_Activity_
Print the listing below only from the line that has "9月29日,国际宇航联合会主席克莱·莫里在澳大利亚悉尼举办的第76届国际宇航大会开幕式上致辞。新华社记者 李晓渝 摄" through the line that has "réservoir en place.", exactly, and drop any picture.

_Information_
========================================
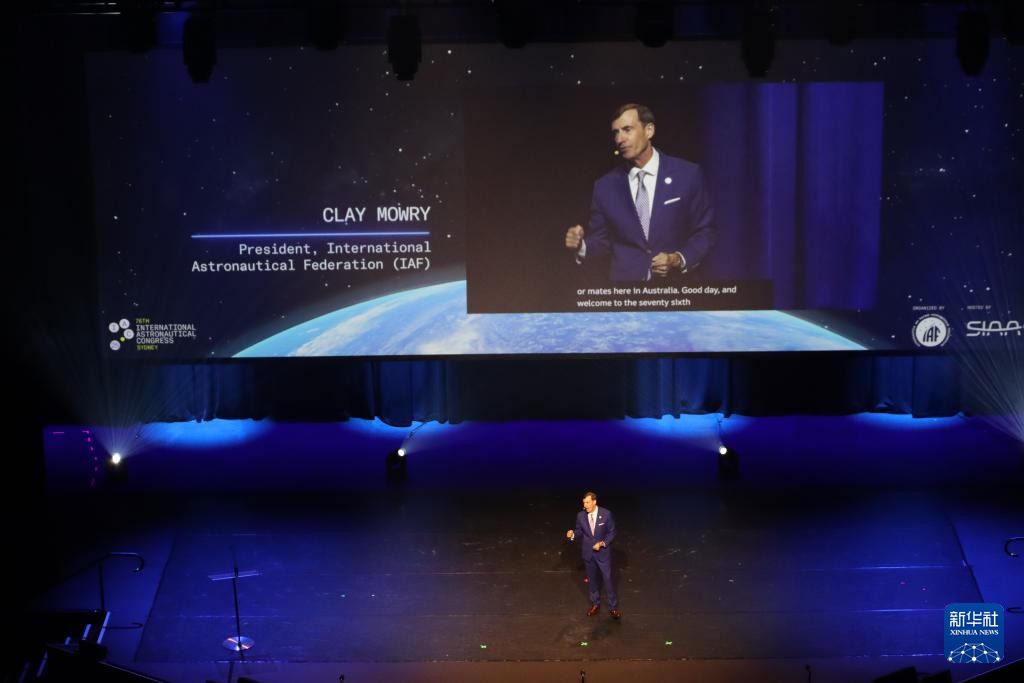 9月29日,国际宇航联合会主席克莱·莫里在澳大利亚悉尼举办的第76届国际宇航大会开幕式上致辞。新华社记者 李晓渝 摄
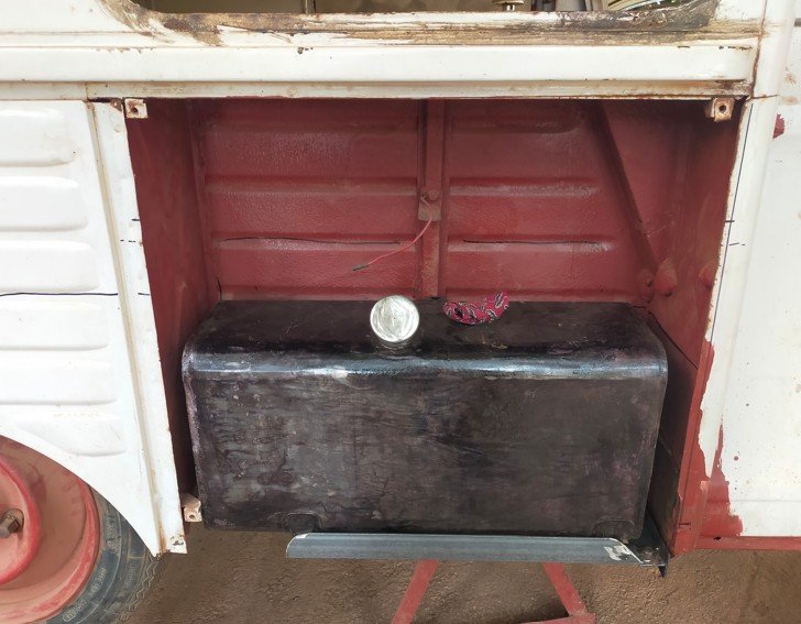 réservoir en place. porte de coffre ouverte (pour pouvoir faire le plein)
========================================
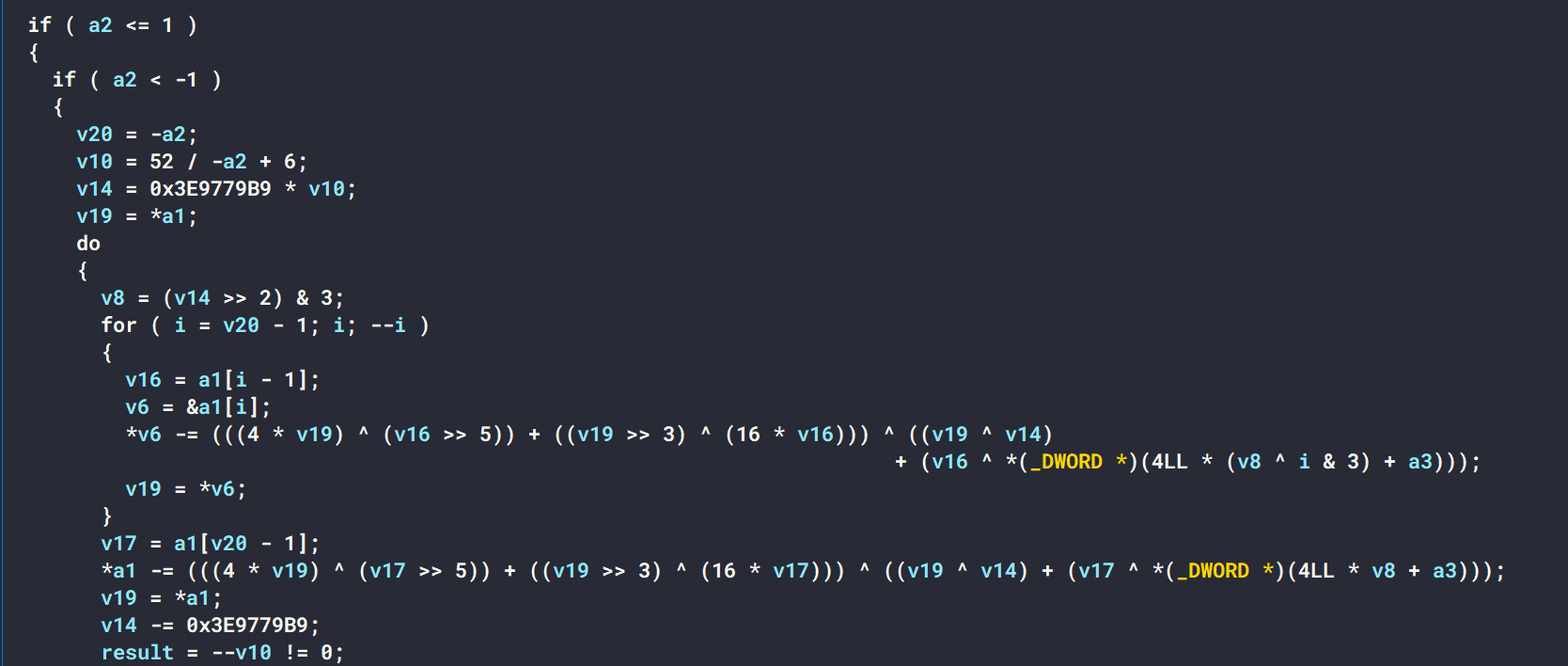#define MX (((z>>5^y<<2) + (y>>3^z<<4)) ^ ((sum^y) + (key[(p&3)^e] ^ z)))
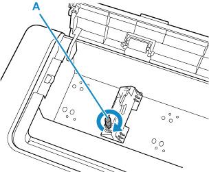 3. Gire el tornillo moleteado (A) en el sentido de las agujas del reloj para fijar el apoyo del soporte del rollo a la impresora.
========================================
_Answer section_
 9月29日,国际宇航联合会主席克莱·莫里在澳大利亚悉尼举办的第76届国际宇航大会开幕式上致辞。新华社记者 李晓渝 摄
 réservoir en place. porte de coffre ouverte (pour pouvoir faire le plein)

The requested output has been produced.